And she looked at him with sparkling eyes and lips parted in
laughter.

"The rest, you would seem to imply, is obvious. But I am a dolt,
if you please; for it is not obvious to me."

"Why, stupid, he comes to ask my hand in marriage."

"Good God!" said Andre-Louis, and stared at her, chapfallen.

She drew back from him a little with a frown and an upward tilt of
her chin. "It surprises you?"

"It disgusts me," said he, bluntly. "In fact, I don't believe it.
You are amusing yourself with me."

For a moment she put aside her visible annoyance to remove his
doubts. "I am quite serious, monsieur. There came a formal letter
to my uncle this morning from M. de La Tour d'Azyr, announcing the
visit and its object. I will not say that it did not surprise us
a little...

"Oh, I see," cried Andre-Louis, in relief. "I understand. For a
moment I had almost feared... " He broke off, looked at her, and
shrugged.

"Why do you stop? You had almost feared that Versailles had been
wasted upon me. That I should permit the court-ship of me to be
conducted like that of any village wench. It was stupid of you. I
am being sought in proper form, at my uncle's hands."

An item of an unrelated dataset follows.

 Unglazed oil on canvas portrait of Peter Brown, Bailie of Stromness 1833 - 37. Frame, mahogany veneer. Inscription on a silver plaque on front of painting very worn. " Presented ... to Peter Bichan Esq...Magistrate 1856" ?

"Is his consent, then, all that matters, according to Versailles?"

"What else?"

"There is your own."

She laughed. "I am a dutiful niece... when it suits me."

"And will it suit you to be dutiful if your uncle accepts this
monstrous proposal?"

"Monstrous!" She bridled. "And why monstrous, if you please?"

"For a score of reasons," he answered irritably.

"Give me one," she challenged him.

"He is twice your age."

"Hardly so much," said she.

"He is forty-five, at least."

"But he looks no more than thirty. He is very handsome - so much
you will admit; nor will you deny that he is very wealthy and very
powerful; the greatest nobleman in Brittany. He will make me a
great lady."

"God made you that, Aline."

"Come, that's better. Sometimes you can almost be polite." And she
moved along the terrace, Andre-Louis pacing beside her.

"I can be more than that to show reason why you should not let this
beast befoul the beautiful thing that God has made."

She frowned, and her lips tightened. "You are speaking of my future
husband," she reproved him.

His lips tightened too; his pale face grew paler.

"And is it so? It is settled, then? Your uncle is to agree? You
are to be sold thus, lovelessly, into bondage to a man you do not
know. I had dreamed of better things for you, Aline."

"Better than to be Marquise de La Tour d'Azyr?"

He made a gesture of exasperation. "Are men and women nothing more
than names? Do the souls of them count for nothing? Is there no
joy in life, no happiness, that wealth and pleasure and empty,
high-sounding titles are to be its only aims? I had set you high
- so high, Aline - a thing scarce earthly. There is joy in your
heart, intelligence in your mind; and, as I thought, the vision that
pierces husks and shams to claim the core of reality for its own.
Yet you will surrender all for a parcel of make-believe. You will
sell your soul and your body to be Marquise de La Tour d'Azyr."

"You are indelicate," said she, and though she frowned her eyes
laughed. "And you go headlong to conclusions. My uncle will not
consent to more than to allow my consent to be sought. We understand
each other, my uncle and I. I am not to be bartered like a turnip."

He stood still to face her, his eyes glowing, a flush creeping into
his pale cheeks.

"You have been torturing me to amuse yourself!" he cried. "Ah,
well, I forgive you out of my relief."

"Again you go too fast, Cousin Andre I have permitted my uncle to
consent that M. le Marquis shall make his court to me. I like the
look of the gentleman. I am flattered by his preference when I
consider his eminence. It is an eminence that I may find it
desirable to share. M. le Marquis does not look as if he were a
dullard. It should be interesting to be wooed by him. It may be
more interesting still to marry him, and I think, when all is
considered, that I shall probably - very probably - decide to do so."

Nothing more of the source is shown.